Today, we’re surrounded by artificial things, so they’re not that impressive. We strive for naturalism. In film, in acting, in writing. We criticize actors who don’t play their characters “like real people”. We want the seams hidden, the effort disguised. But Quentin Tarantino doesn’t make himself invisible. Like the kino pravda films of early 20th century Russia, Death Proof is a movie about movie-making. In Death Proof more than any other movie of his I’ve seen, he reminds you of the artifice as you’re watching.
I liked Death Proof, even if I spent a lot of the movie wondering what the point of it all was. Was it building to something more than what it seemed? It wasn’t, really. It was a pretty straightforward movie. Which comes from its roots as an homage to the 1970s driving exploitation films that were common then. Tarantino faithfully copies the style of these films, down to the rough edits and fuzzy-looking film. One of the issues with this film might be that driving exploitation movies just weren’t very good, so copying them isn’t going to get you that far. The crime, martial arts, and romance movies that previously inspired Tarantino were often excellent. Exploitation movies, meanwhile, were known for not being very good. The name “exploitation” comes from “exploiting” the popularity of a genre- filmmakers would capitalize on the success of car movies or prison movies or whatever it was and make their own cheap version of the same thing to make money. Not exactly a thing you associate with incredible artistic integrity. So aside from being, perhaps, doomed to badness, Death Proof is also a copy of a copy of a copy. From driving movie to exploitation driving movie to Death Proof.
The story is simple enough. A Hollywood stuntman named Stuntman Mike (Kurt Russell, and yes, that is the character’s name, ask anyone) hunts down a group of young women in his death proof car and kills them. Later, when he tries to do the same with another group, those girls fight back. Most of the characters are defined by their jobs in the entertainment industry. There is, obviously, Stuntman Mike, who meets his end at the hands of real stuntwoman Zoe Bell, playing herself. Of the first group of girls, Julia, aka Jungle Julia (Sydney Poitier), is a semifamous local radio personality. Of the second group, Abernathy (Rosario Dawson) is a makeup artist for films and Lee (Mary Elizabeth Winstead) is an actress, while Zoe and Kim (Tracie Thoms) are both stuntwomen. The first group- Julia, Arlene (Vanessa Ferlito), Shanna (Jordan Ladd), and Pam (Rose McGowan)- are murdered. The second group survive.
This film was shown as a double feature with Robert Rodriguez’s Planet Terror, and the films interconnect in several ways. In one scene in Death Proof, for instance, the camera lingers on a doctor for a moment too long to be insignificant. We don’t see her again. But it turns out that she was also a character in Planet Terror. It’s not like these movies belong to the same timeline- Rose McGowan has a machine gun for a leg in one and certainly not in the other- but they refer to each other. Death Proof also opens with the type of cartoon that was shown between double feature grindhouse movies.

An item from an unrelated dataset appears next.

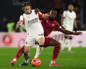 (260126) -- ROMA, 26 enero, 2026 (Xinhua) -- Imagen del 25 de enero de 2026 de Manu Koné (d), de Roma, disputando el balón con Luka Modric, de AC Milan, durante un partido de fútbol de la Serie A entre Roma y AC Milan, en Roma, Italia. (Xinhua/Alberto Lingria) (oa) (ah) (vf)
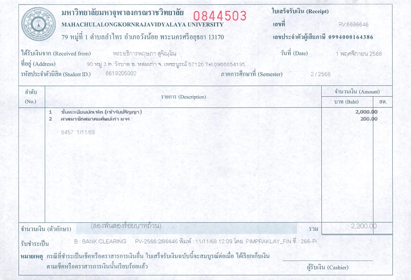 | รหัสนิสิต : 6619205002 | ชื่อ : พระอธิการพฤษภา | ฉายา: สุจิณฺโณ | นามสกุล: คำหมู่ |

It’s a construction that misses no detail.
Within the narrative, the movie ties together these external elements with themes of masculinity and filmmaking. The artificiality of one reflects the artificiality of the other. Stuntman Mike tries to be the masculine ideal but is just posturing to cover up his weakness. In a cocky moment, when he knows he is about to succeed with his whole plan, he actually looks into the camera. And smiles.


He, like the filmmaker, has succeeded in creating his ideal scenario. So he looks at us and smiles. But the story’s not over yet. What he doesn’t realize is that it’s not his story.
Although Kurt Russell gets title bill this is a movie that belongs to its women.Death Proof, like Tarantino’s other female-centric movies, takes a close look at misogyny.It’s said that Stuntman Mike kills women because it’s the only way he can get off; their lives are worth only as much as his orgasm. He’s all vicious and full of masculine bravado until the women finally come for him. When they do he is immediately teary-eyed and apologetic, begging them to stop. While Abi, Kim, and Zoe recover quickly from his attack and immediately are out for revenge, Stuntman Mike bawls loudly when a bullet grazes his arm. He can dish it out but he can’t take it. Stuntman Mike presents himself in a multitude of ways- as a creep, as an aw-shucks humble guy, as a savage killer. This mask is tied to his car, to his strength. The car is Death Proof; it makes him immortal. The movie ends immediately after he’s forcibly pulled from the car because there’s nothing left. He’s nothing without it. Once the women get him out of the car they pull off his mask, force him to stop posturing, and then punch the living shit out of him. They win.
The stuntman is supposed to go unnoticed. They’re doing a bad job if they aren’t. They’re supposed to be invisible, seamless, disappearing into the fabric of the film. Death Proof shows the seams.